This retrospective study contributes to the growing body of literature about the role of Enterococcus spp. as uropathogens as well as agents of SBU and polymicrobial bacteriuria. This study identified breed-associated risk of having enterococcal bacteriuria compared with other bacteriuria. Recurrent UTI, urinary incontinence, recessed vulva, myelopathy, renal disease, and hyperadrenocorticism were more common in patients with enterococcal bacteriuria. Unlike previous studies, this study did not find an association of enterococcal bacteriuria and the presence of lower urinary tract neoplasia or urolithiasis. This study also found that more dogs with other bacteriuria responded to empiric antimicrobial therapy than dogs with enterococcal bacteriuria.
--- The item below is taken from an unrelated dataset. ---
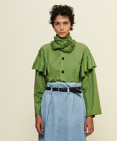 フィンクス糸を3本撚りにした贅沢なオックス。通常は2本撚りのところ3本撚りにすることでオックス目が立ちフィンクス糸の光沢感が際立ちます。あえて綺麗に仕上げず、製品染めすることで更に目を詰めて風合いを出しています。色は敢えて王道でなく少し外した色で表現。素材のバルキー感を活かしたウエストシェイプされたシルエットの美しいデザイン。ノーカラーで大きめのボタンが施されているので羽織りとしても使えるデザイン。アームホールの大きなラッフル、取り外し可能なフリル襟は巻き方でハイネック風のフリル襟としてももカマーベルトとしても使うことができます。気分で色々な着方をしてもらえる1枚。 【CURRENTAGE/カレンテージ】 CURRENT+VINTAGEの造語、CURRENT+AGEの造語。 “クラシックな洋服の成り立ちに少しの新しさを加えてモダンな佇まいに仕上げる”をコンセプトに、 世代や時代を超えて今を生きる女性の為のワードローブを提案している。 素材や縫製、シルエットまで細部にこだわり、何年後かに引っ張り出して着たくなるような、ヴィンテージ感を楽しめるアイテムが揃う。

Pugs, bearded collies, and Saint Bernards had higher odds of developing enterococcal bacteriuria compared with another bacterial infection when compared with mixed-breed dogs. This is a new finding, as none of these breeds were overrepresented in prior studies. These breeds are more likely to have comorbidities significantly associated with enterococcal UTIs. Pugs disproportionately develop certain spinal diseases, including congenital abnormalities and various degenerative processes.¹⁴ Given the increased odds of an enterococcal UTI in dogs with myelopathies when compared with dogs without neurological disease, this may explain the increased odds of enterococcal bacteriuria in this breed. Bearded collies have an increased risk of urinary incontinence when compared with other breeds, and this may explain their predilection for enterococcal UTIs.¹⁵ In a previous study, Saint Bernards had an increased risk of bacterial cystitis progressing to a recurrent or persistent UTI, and at a younger age than other breeds.³ These dogs are also at an increased risk for orthopedic disease, which may contribute to incomplete bladder emptying.¹⁶

Like previous reports, our study found an increased risk of enterococcal bacteriuria in dogs with a recessed vulva and myelopathy. A recessed or hooded vulva is a known risk factor for recurrent UTI owing to anatomic distortion of the lower urinary tract.⁴ Dogs with myelopathies can have abnormal micturition and may be unable to void their bladders completely, leading to urine retention and increased risk of infection. Dogs with a myelopathy might not demonstrate classic lower urinary tract signs given their neurologic dysfunction, and the presence of lower urinary tract signs can be underestimated in this population.⁷ It is possible that Enterococcus spp. are a primary uropathogen or have colonized the urinary bladder in these dogs owing to recurrent infections with other bacterial pathogens or previous antibiotic administration. Prior antimicrobial administration was not assessed in this study and could also influence the bacterial population.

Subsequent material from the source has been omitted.